● AIM OF THE EXERCISE
Please copy the lines below, exactly as they are, from the one with "Fatti notare con" through the one with "Combinaison pantalon femme", and leave out the pictures.

● SOURCE MATERIAL
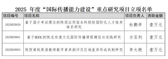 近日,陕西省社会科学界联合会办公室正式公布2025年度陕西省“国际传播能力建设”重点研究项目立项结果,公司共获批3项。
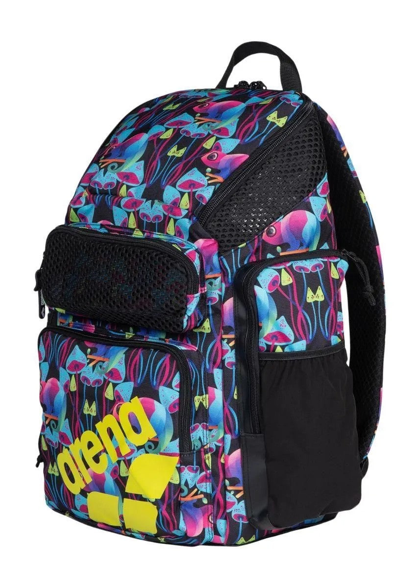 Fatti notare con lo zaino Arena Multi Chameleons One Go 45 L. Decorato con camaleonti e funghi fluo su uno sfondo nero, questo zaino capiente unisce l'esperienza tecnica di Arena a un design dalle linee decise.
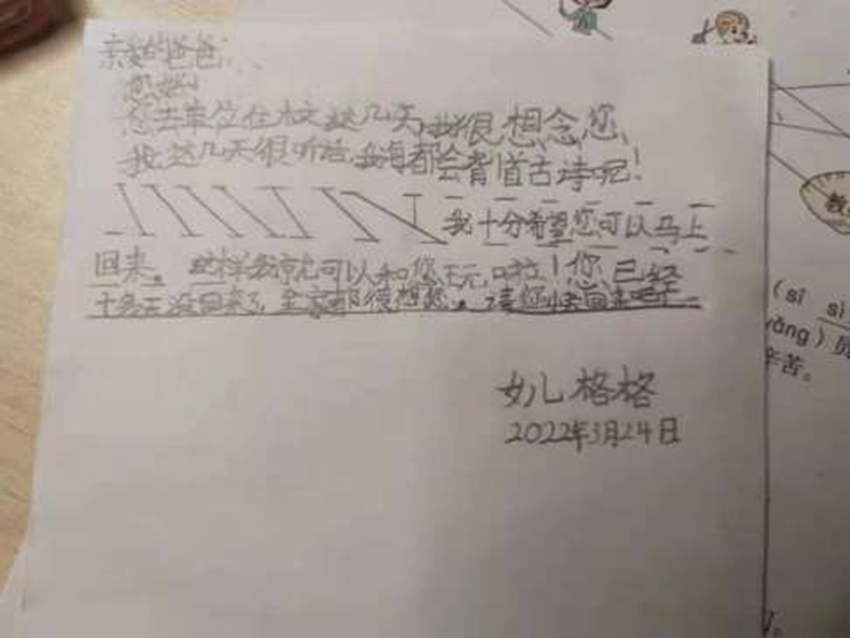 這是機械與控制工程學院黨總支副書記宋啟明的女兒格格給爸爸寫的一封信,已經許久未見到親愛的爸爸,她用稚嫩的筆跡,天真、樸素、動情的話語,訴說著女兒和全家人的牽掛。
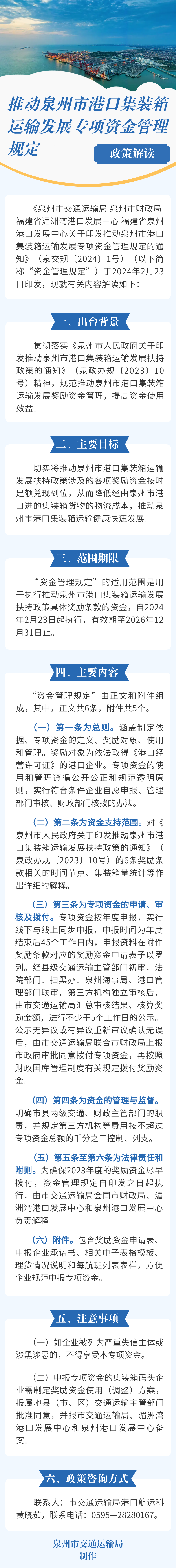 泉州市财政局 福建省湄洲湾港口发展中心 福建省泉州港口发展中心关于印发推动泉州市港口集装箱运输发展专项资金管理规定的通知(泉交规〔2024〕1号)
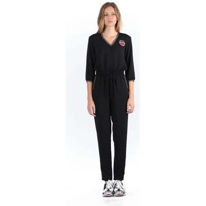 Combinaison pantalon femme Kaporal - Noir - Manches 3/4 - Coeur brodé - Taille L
* * *
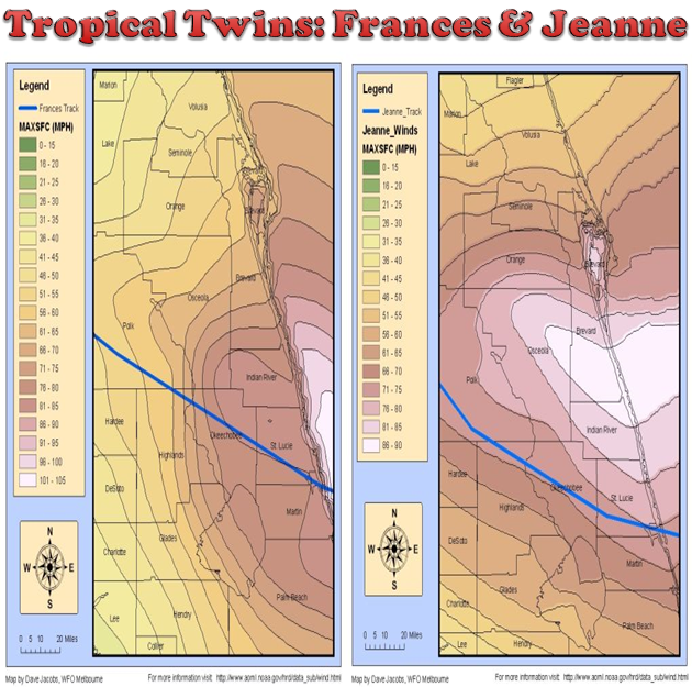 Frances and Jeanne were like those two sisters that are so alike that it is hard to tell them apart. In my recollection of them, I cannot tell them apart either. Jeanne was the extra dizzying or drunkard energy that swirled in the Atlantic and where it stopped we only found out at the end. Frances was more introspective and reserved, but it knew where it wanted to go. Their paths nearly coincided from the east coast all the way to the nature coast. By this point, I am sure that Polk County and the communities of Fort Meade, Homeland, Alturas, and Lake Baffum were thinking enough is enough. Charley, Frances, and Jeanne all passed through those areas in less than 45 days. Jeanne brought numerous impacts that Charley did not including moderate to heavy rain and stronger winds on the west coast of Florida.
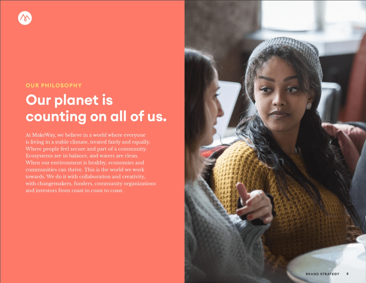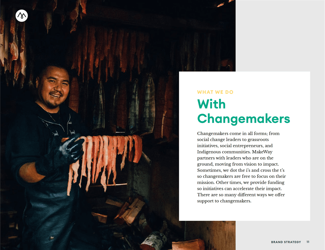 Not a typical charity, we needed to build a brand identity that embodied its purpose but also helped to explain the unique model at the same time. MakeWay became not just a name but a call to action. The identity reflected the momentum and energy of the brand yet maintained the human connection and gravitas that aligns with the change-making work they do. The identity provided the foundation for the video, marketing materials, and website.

● ANSWER BELOW
 Fatti notare con lo zaino Arena Multi Chameleons One Go 45 L. Decorato con camaleonti e funghi fluo su uno sfondo nero, questo zaino capiente unisce l'esperienza tecnica di Arena a un design dalle linee decise.
 這是機械與控制工程學院黨總支副書記宋啟明的女兒格格給爸爸寫的一封信,已經許久未見到親愛的爸爸,她用稚嫩的筆跡,天真、樸素、動情的話語,訴說著女兒和全家人的牽掛。
 泉州市财政局 福建省湄洲湾港口发展中心 福建省泉州港口发展中心关于印发推动泉州市港口集装箱运输发展专项资金管理规定的通知(泉交规〔2024〕1号)
 Combinaison pantalon femme Kaporal - Noir - Manches 3/4 - Coeur brodé - Taille L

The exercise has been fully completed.